Report on “DIRAC & Rucio Workshop”- powering the distributed computing and data management for large science

In recent particle and nuclear physics experiments and cosmic ray observations, with the aim of discovering new physics beyond the Standard Model, detectors have become larger, more granularity, and higher-rate than ever before. As a result, the amount of data that must be handled continues to increase significantly. Nowadays, in order for experiments to be successful, it is essential to establish and efficiently operate a computational environment that processes data without interruption and continues to produce analysis results. Therefore, distributed computing environments are being used in a wide range of scientific fields, such as the Belle II experiment at KEK, the ATLAS and LHCb experiments at the European Organization for Nuclear Research (CERN), and even gamma-ray astronomy, the Cherenkov Telescope Array Observatory (CTAO).

Here, a distributed computing environment refers to a system in which computing resources operated at computer sites scattered around the world are connected via high-speed network and used as if they were a gigantic computer on a global scale. “Grid computing” is one of them. However, the systems operated at each computer site are diverse, ranging from small-scale clusters to large-scale batch systems, cloud computing, and HPC (High Performance Computers). In order to make these different computing resources interoperable, an interware called DIRAC was developed by LHCb experiment, and it has become possible to manage both jobs and data. Additionally, a distributed data management tool called Rucio, which centrally manages and uses data distributed across multiple computer sites, was also developed around ATLAS. The Belle II experiment employs both of these as basic tools.

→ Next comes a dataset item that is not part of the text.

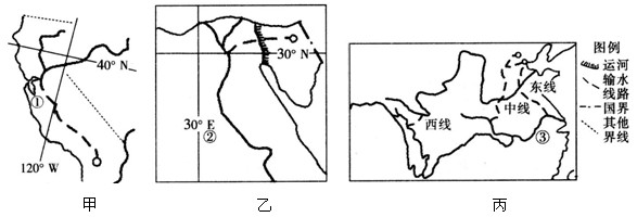 (1)甲为______国的北水南调工程;乙为埃及的西水东调工程;丙为______国的____________工程。上述工程主要是解决其所在国家的__________________________________________问题。
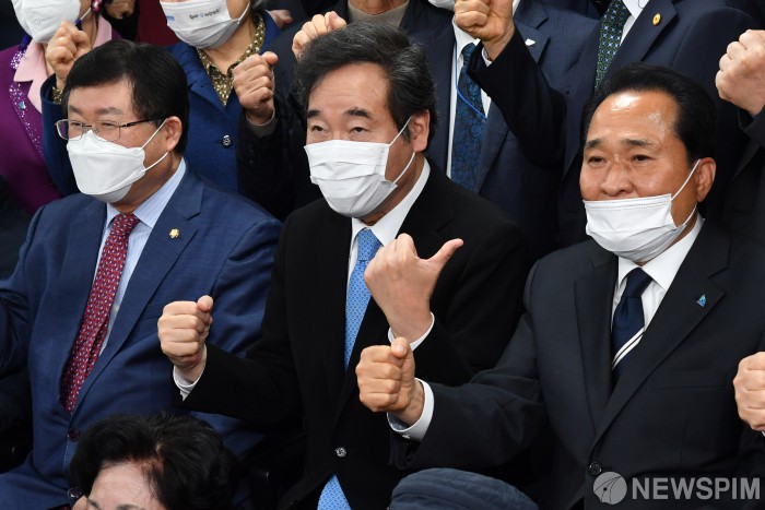 [서울=뉴스핌] 이형석 기자 = 12일 오전 서울 여의도 더불어민주당 당사에서 열린 전국노인위원회 발대식 및 임명장 수여식에서 이낙연 더불어민주당 대표 기념촬영 중 김손 전국노인위원장을 가리키는 제스처를 하고 있다. 2020.11.12 leehs@newspim.com

From October 16th to 20th, the DIRAC and Rucio joint workshop was held at KEK , with a total of about 40 experts from the United States, Switzerland, France, the United Kingdom, Italy, Russia, Mexico, China, and Japan gathering. This will be the first time that the workshops, which have previously been held independently, will be held together. The aim is to realize a better distributed computing environment by sharing the technologies, experiences, and problems that each party has cultivated. The demand for distributed computing environments and distributed data management in various scientific fields is expected to grow even more in the future. This workshop served as a good opportunity for DIRAC and Rucio to go beyond the scope of particle and nuclear experiments and be applied in a wider range of scientific fields.